My American Eskimo has been shedding mounds of fur recently, and we've been combing him everyday and bathing him more often. What's weird is the fur around his neck is not shedding. 
-The back of his neck and his "beard" area is still really thick and brushing doesn't seem to do anything. Is this normal? 
-We have an undercoat rake, but will a shedding blade (the loopy one with serrated edges) help him more? What other brushes/combs are needed?
-Do de-shedding shampoos work?


----------



## Kayota (Aug 14, 2009)

I love my shedding blade. It definitely fixed the shedding issue I had the first couple days I had her home. My double coated dog's ruff doesn't shed as much as the rest of her body.


----------



## Damon'sMom (Aug 2, 2011)

My Aussie's neck fur does not shed all that much.
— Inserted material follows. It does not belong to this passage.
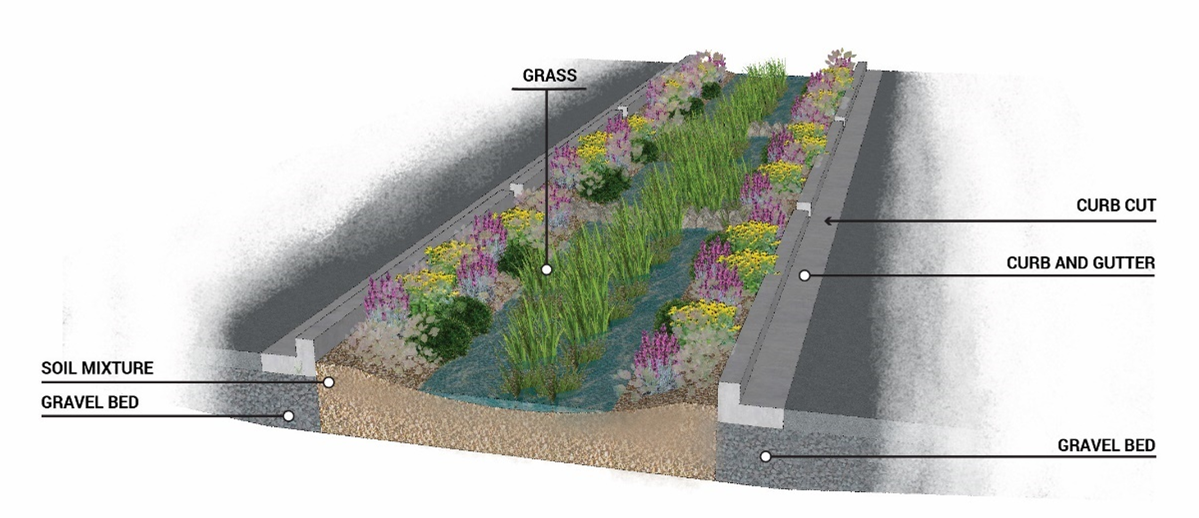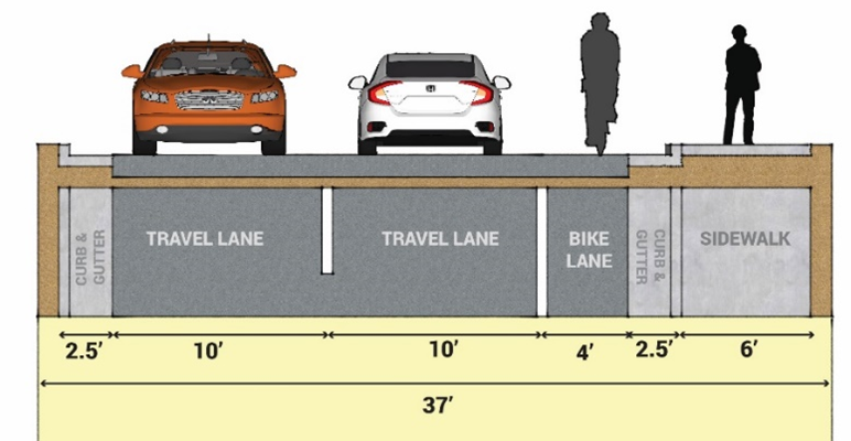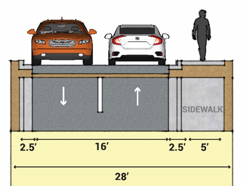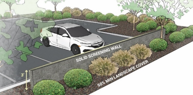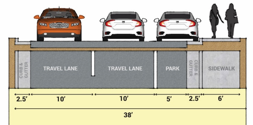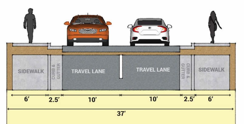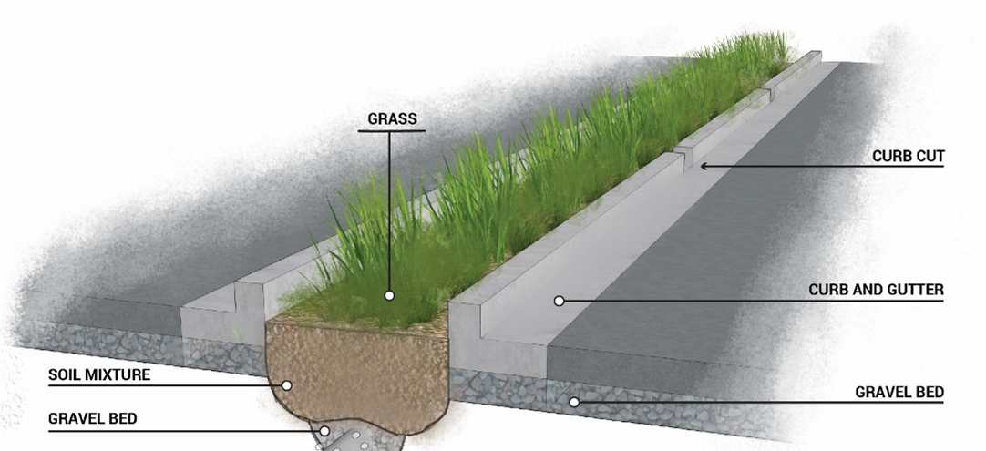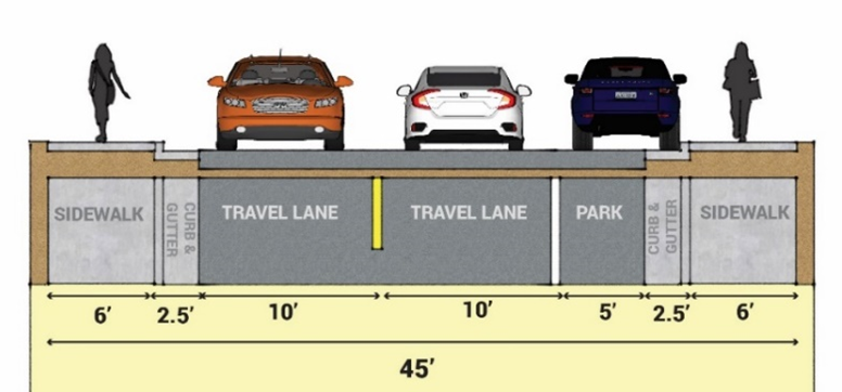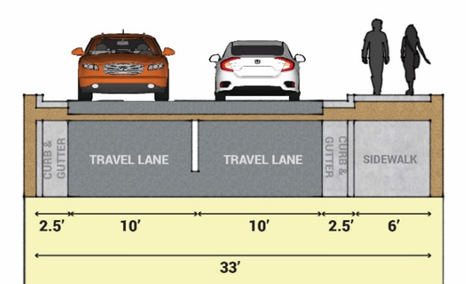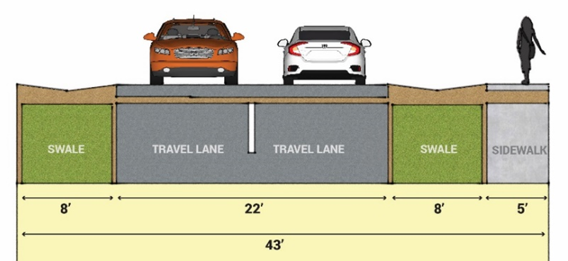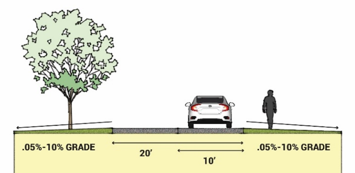 All paved surfaces shall incorporate a curb and gutter, concrete drain pan, or low impact development technique, per Section 18.03.8.10, along the creek side of the development to direct stormwater away from the Creek.

For my Aussie I do the following everyday to every other day:

I start with the right side of his body and use my rake going against the fur and then with it. Once no more fur is coming out I will turn him and do the other side. Then I will use a slicker brush and go against the fur and then with it. For his butt I will use the Greyhound comb to make sure there are no tangles or mats. I then go over his entire body with a pin brush to pick up any loose hair that I brought up. 

That's what I do for the shedding. I also do his ears once a week and his nails every other week. He gets a bath twice a month. On bath days I use a blow drier on him and that helps blow his coat out really well. Then I will do the brush out.


----------



## eaticecream (Jul 27, 2012)

Are shedding blades supposed to work for long coated double coats? The blade seems so shallow that I have a hard time imagining that going anywhere past his top coat.


----------



## Graco22 (Jul 16, 2007)

eaticecream said:


> Are shedding blades supposed to work for long coated double coats? The blade seems so shallow that I have a hard time imagining that going anywhere past his top coat.
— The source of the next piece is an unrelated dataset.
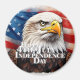 No Dia da Independência dos EUA, a águia careca - um símbolo de liberdade e força - sobe em frente à bandeira ondulada dos Estados Unidos. O seu olhar piercing e o vermelho ousado, branco e azul de fundo representam a coragem, a determinação e os valores históricos comemorados no dia 4 de julho. Esta imagem corporiza o orgulho de uma nação que defende a sua independência.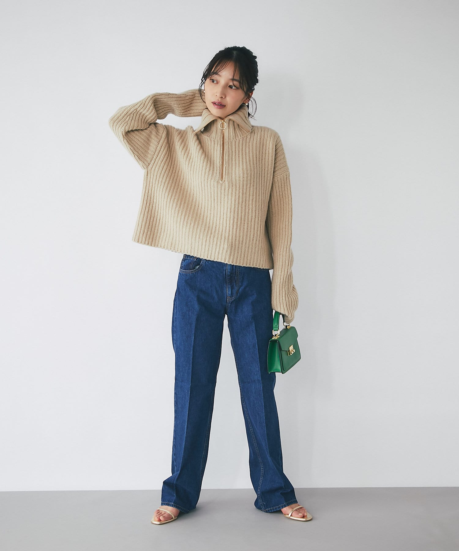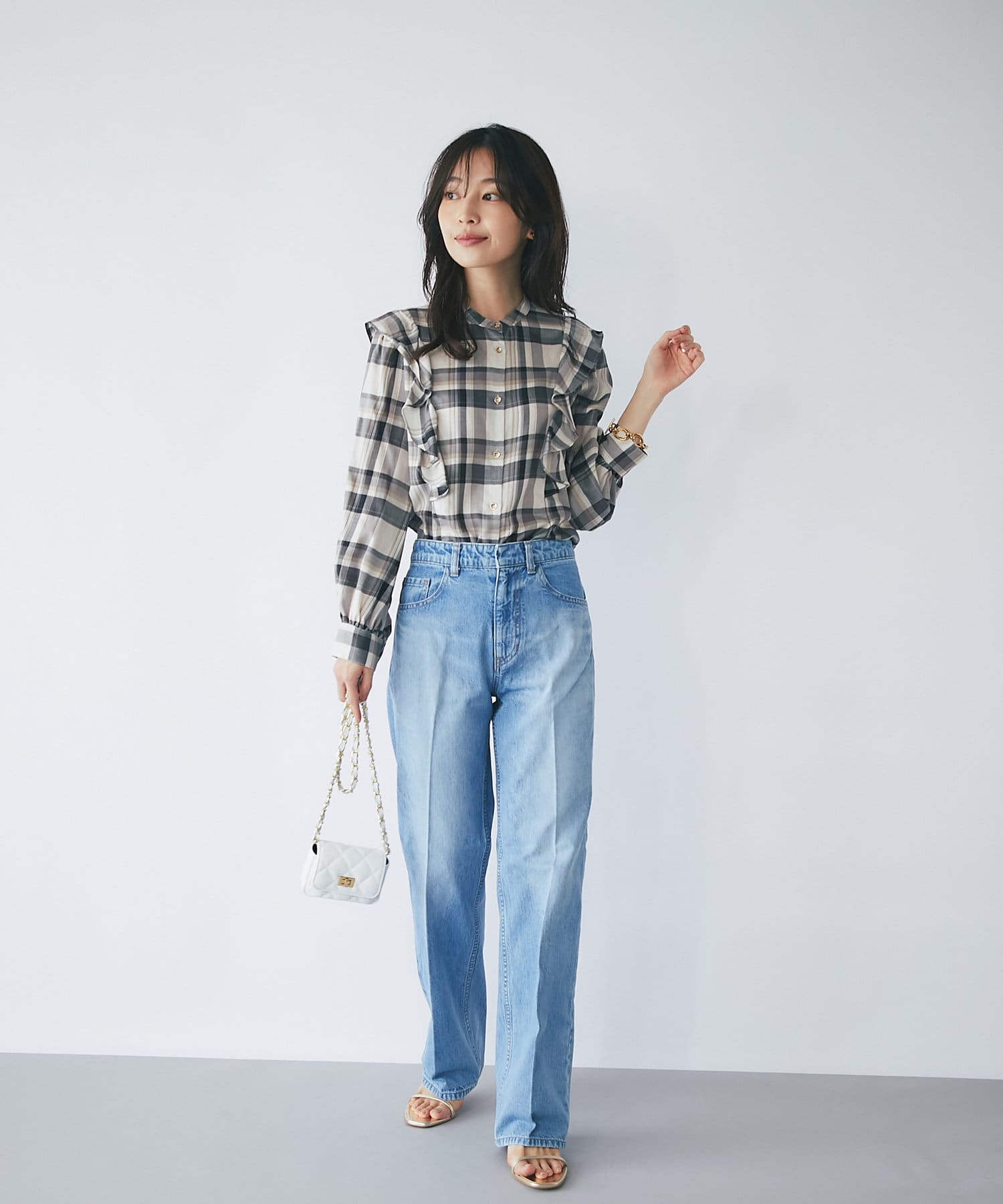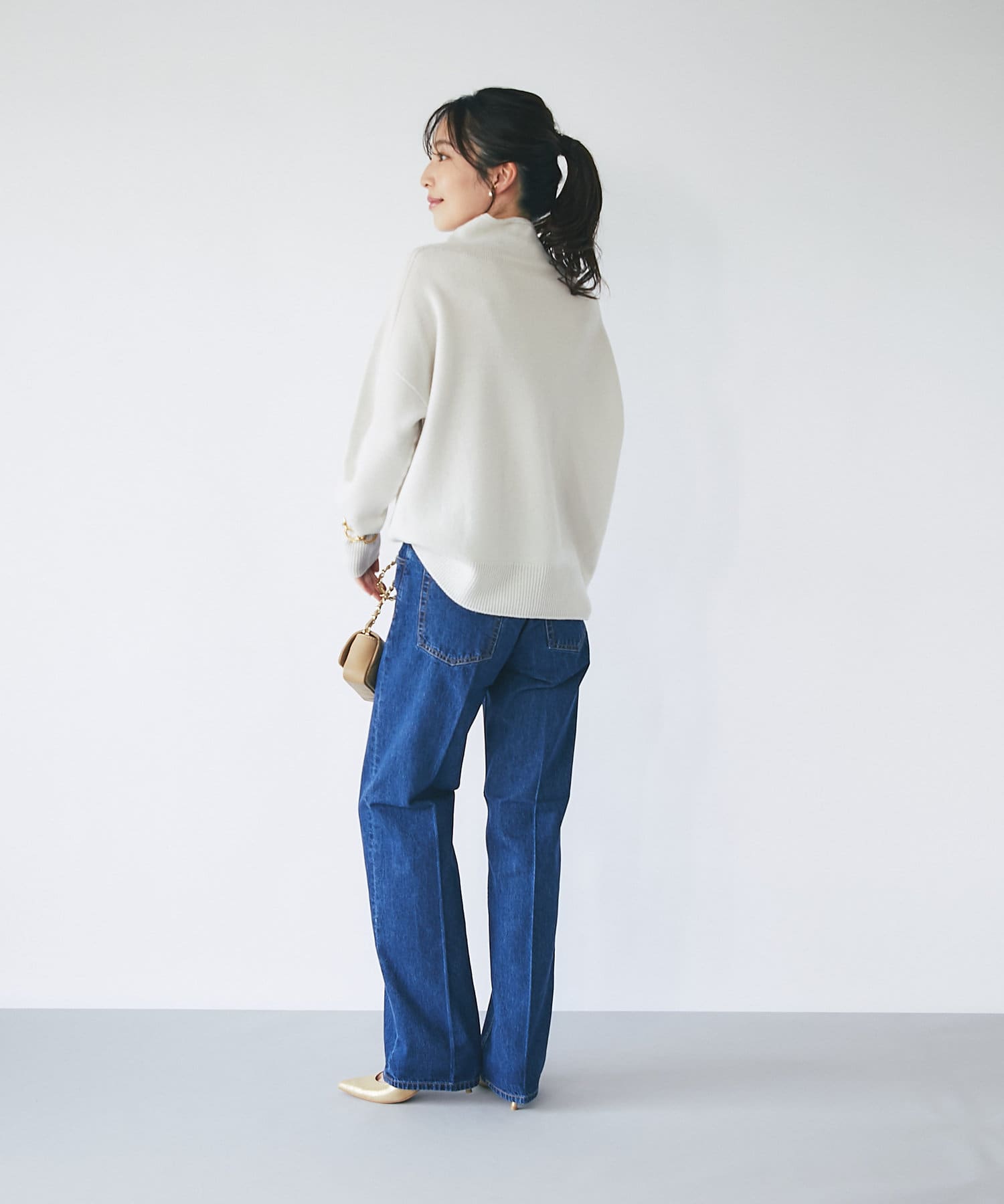 やや細身のストレートシルエットで脚長効果も抜群です。

 No. A shedding blade is useless on coats longer than labs/huskies. Use the rake, being sure you are getting all the way to the skin.


----------



## eaticecream (Jul 27, 2012)

Brushing him everyday with a undercoat rakes helps a ton. Are there shampoos or conditioners that I should use to help the shedding?


----------



## Lupen (Jun 17, 2013)

What food are you feeding him? Dogs fed a better diet will shed less than those fed a crappy one. The difference isn't significant, but it is there. Not to mention the other benefits make a better food well worth it.

Of course, brushing is the biggest thing, but you're already doing that. What rake are you using though? I use an Oster undercoat rake, and while my dogs coat isn't as thick as an American Eskimo's, she's still a longcoated breed with a double coat. Whenever I use the rake I have I always get tons of fur off.. even if I've been brushing for ten minutes. I like it better than the Furminator as well, as I've noticed that the Furminator can ruin the guard hairs or top coat after awhile. Though that might just be me.


----------



## eaticecream (Jul 27, 2012)

Lupen said:


> What food are you feeding him? Dogs fed a better diet will shed less than those fed a crappy one. The difference isn't significant, but it is there. Not to mention the other benefits make a better food well worth it.
> 
> Of course, brushing is the biggest thing, but you're already doing that. What rake are you using though? I use an Oster undercoat rake, and while my dogs coat isn't as thick as an American Eskimo's, she's still a longcoated breed with a double coat. Whenever I use the rake I have I always get tons of fur off.. even if I've been brushing for ten minutes. I like it better than the Furminator as well, as I've noticed that the Furminator can ruin the guard hairs or top coat after awhile. Though that might just be me.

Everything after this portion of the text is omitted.